Frauen erleben Angst. Tagtäglich. Warum wir uns fürchten und was wir dagegen tun können.

Fragt man Männer, wann sie das letzte Mal Angst hatten, müssen sie erst einmal überlegen. Irgendwann fällt ihnen vielleicht ein Ereignis in den letzten Jahren ein. Frauen kommen sofort etliche Momente in Erinnerung, die ihnen Angst machten. Am gleichen Tag.

Uns Frauen begleitet die Angst tagtäglich. Angst gehört zu unserem Leben. Und das ist erschreckend und schrecklich zugleich. Denn das Gefühl der Angst ist kein schönes Gefühl. Es lähmt und macht unfrei. Wir verhalten uns anders, wenn wir Angst haben, sind nicht wir selbst. Und das ist schlimm. Noch schlimmer ist es, dass wir uns daran gewöhnt haben, dass zum Frausein offenbar dazu gehört, in ständiger Begleitung einer Angst zu leben.

Jede Frau weiß, wie es ist, wenn sie im Dunkeln mit Herzrasen und verschwitzten Händen an einer Gruppe von Männern vorbeiläuft und hofft, dass sie nicht bemerkt wird. Oder wenn sie allein durch den Wald joggt und Schritte hinter sich hört, sich umdreht und feststellt, dass jemand näherkommt. Der erste Gedanke ist dann nicht: „Oh, der ist offenbar schneller als ich“, sondern „will der mir etwas antun?“ Wie erleichternd ist es dann, zu bemerken, dass man von einer Frau überholt wird. Keine Gefahr. Alles ist gut. Für dieses Gefühl opfern wir gern unseren Ehrgeiz.

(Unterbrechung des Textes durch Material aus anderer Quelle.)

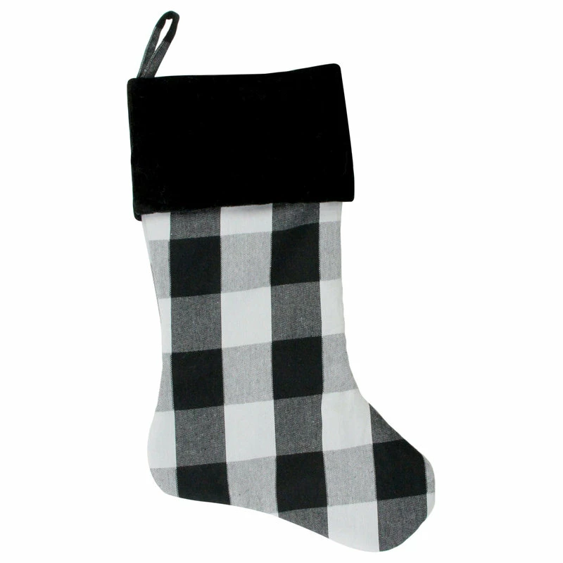 A traditional addition to your home this year can be this wonderful Buffalo plaid stocking. This black and white stocking can hang from your mantle staircase or wherever you want Santa to fill it with goodies! It will match most any Christmas decor. Product Features:
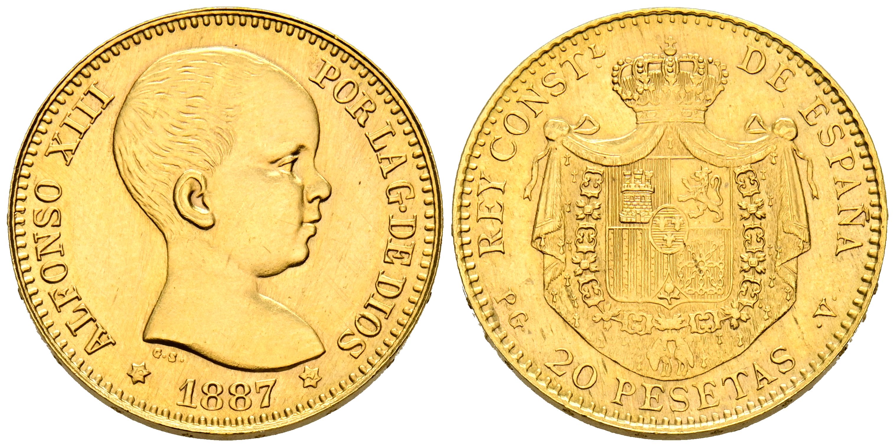 ALFONSO XIII (1885-1931). 20 Pesetas. (Au. 6,46g/21mm). 1887 *19-62. Madrid PGV. (Cal-2019-171-Estado Español). Reacuñación oficial. EBC+. Leves rayitas. Tirada de sólo 11 mil unidades.

Zu einem – im Ergebnis gruseligen – Gedankenexperiment hat die Influencerin Isabell Gerstenberger ihre Follower aufgerufen. Sie bat die Frauen, sich vorzustellen, was sie machen würden, wenn es 24 Stunden keine Männer gäbe. Ebenso bat sie ihre männlichen Follower sich vorzustellen, was sie täten, wenn es 24 Stunden keine Frauen gäbe.

Die Antworten könnten nicht unterschiedlicher sein. Während sich die Männer langweilten, auf ihre Frauen warteten oder sich mit ihren vergebenen Kumpels verabredeten, fühlten sich die Frauen von der Vorstellung wie befreit. Die meisten Frauen schrieben, sie könnten endlich nachts ohne Angst draußen sein. Diese Einschätzung ist erschreckend. Auch, weil sie deutlich macht, wie unterlegen wir Frauen uns den Männern noch immer fühlen. Trotz aller Debatten und jahrzehntelanger Kämpfe um Gleichberechtigung, haben wir Angst. Sich sicher zu fühlen, ist offenbar ein Privileg der Männer.

Warum Frauen Angst haben müssen – Die Realität

Es gibt Gefühle, die hat man einfach so. Für viele gibt es einen guten Grund. Und manchmal gibt es diesen nicht, jedenfalls nicht aktuell, sondern vielleicht nur einen kleinen Auslöser, der uns an etwas erinnert, das wir besser fürchten sollten. Bei unserer Angst verhält es sich so: Wir haben sie aus gutem Grunde, es gibt reale Fakten, die uns ängstigen, es gibt Auslöser, die uns daran erinnern, und es gibt das kollektive Gedächtnis der Frauen, das uns über Generationen hinweg die Angst in die Wiege legt.